Anvi looked up from the chair she'd pulled beside his bed. "Will he recover fully?"
"Yes. But it will take time. And he won't be at full strength for at least another week." Trisha's golden arm flickered. "Which means you need to be ready. The Two Fathers sent one Devourer. They'll send more. Or worse."
Anvi stood, stretching muscles stiff from sitting. "Then teach me. Whatever you know. Whatever Karla left behind. I can't just wait for him to wake up."
Trisha studied her for a long moment. Then she nodded slowly. "There's something you should see. Something Shron doesn't know about. I was waiting for the right time. I think that time is now."
---
The room Trisha led her to was deep in the tower, below even the sanctuary, accessed through a door that only responded to Trisha's golden code.
It was small. Circular. The walls were lined with data slates—hundreds of them, each one glowing faintly. In the center, a single terminal with a chair.
"Vyun's workshop," Trisha said quietly. "He built this place in secret, using backdoors Karla left behind. Shron doesn't come here. He couldn't bear to, after Vyun died. I've been maintaining it. Waiting."
Anvi walked to the terminal. The screen was dark, but she could feel the hum of active code beneath the surface. "What was he working on?"
"Everything. The Two Fathers. The Devourers. Karla's original research. He was trying to find a way to stop them without destroying the Binary World. He believed there was a third option—not sealing the Gate, not collapsing both worlds, but something else. He called it 'The Bridge.'"
Trisha touched one of the data slates. It glowed brighter, projecting a holographic model into the air. A complex structure of interlocking rings, each one pulsing with different colored light.
"A stable connection between the real world and the Binary World. Not a Gate that can be opened or closed, but a permanent bridge. One that would allow conscious travel without risking collapse. And more importantly—one that would let the trapped fragments inside the Devourers pass through safely. Back to the real world. Or to peace. Whichever they chose."

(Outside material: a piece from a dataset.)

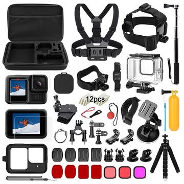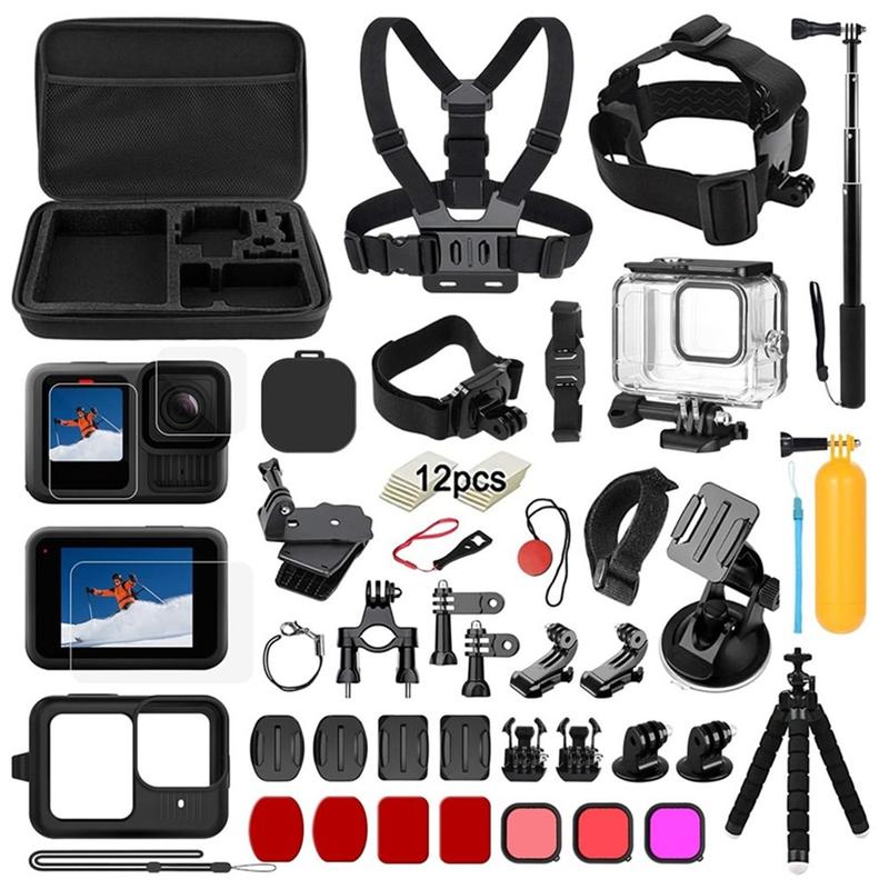 39-in-1 Accessoireset voor GoPro Hero13 Black - Waterdichte behuizing, borst- en hoofdband, selfie-stick, bevestigingen + 9H-schermbeschermers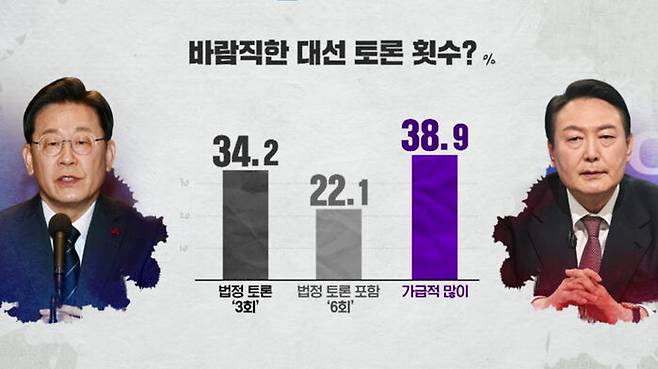 선거 기간 전이라도 가급적 많이 해야 한다는 응답이 38.9%로 가장 많았고, 법정 최소 횟수인 3번이 34.2%, 지난 대선처럼 6번이 22.1%로 뒤를 이었습니다.

Anvi stared at the model. "He was trying to save them. The people inside the Devourers."
"He was trying to save everyone." Trisha's voice cracked. "That's who Vyun was. He saw the people inside the monsters. He believed they could be freed. And he believed the Two Fathers could be stopped without becoming monsters ourselves."
Anvi thought of the pure note she'd heard inside the second Devourer. The voice crying for help. "He was right. I heard one of them. They're still in there. Suffering."
Trisha's eyes widened. "You reached one? Communicated?"
"Just for a moment. Before the chaos took over again. It asked for help."
Trisha sat down heavily in the chair by the terminal. Her golden arm was sparking, emotions interfering with her code. "Vyun spent years trying to do that. He never succeeded. He could sense the trapped consciousnesses, but he couldn't reach them. He said it was like shouting through a hurricane. The hunger was too loud."
Anvi knelt beside her. "What made me different?"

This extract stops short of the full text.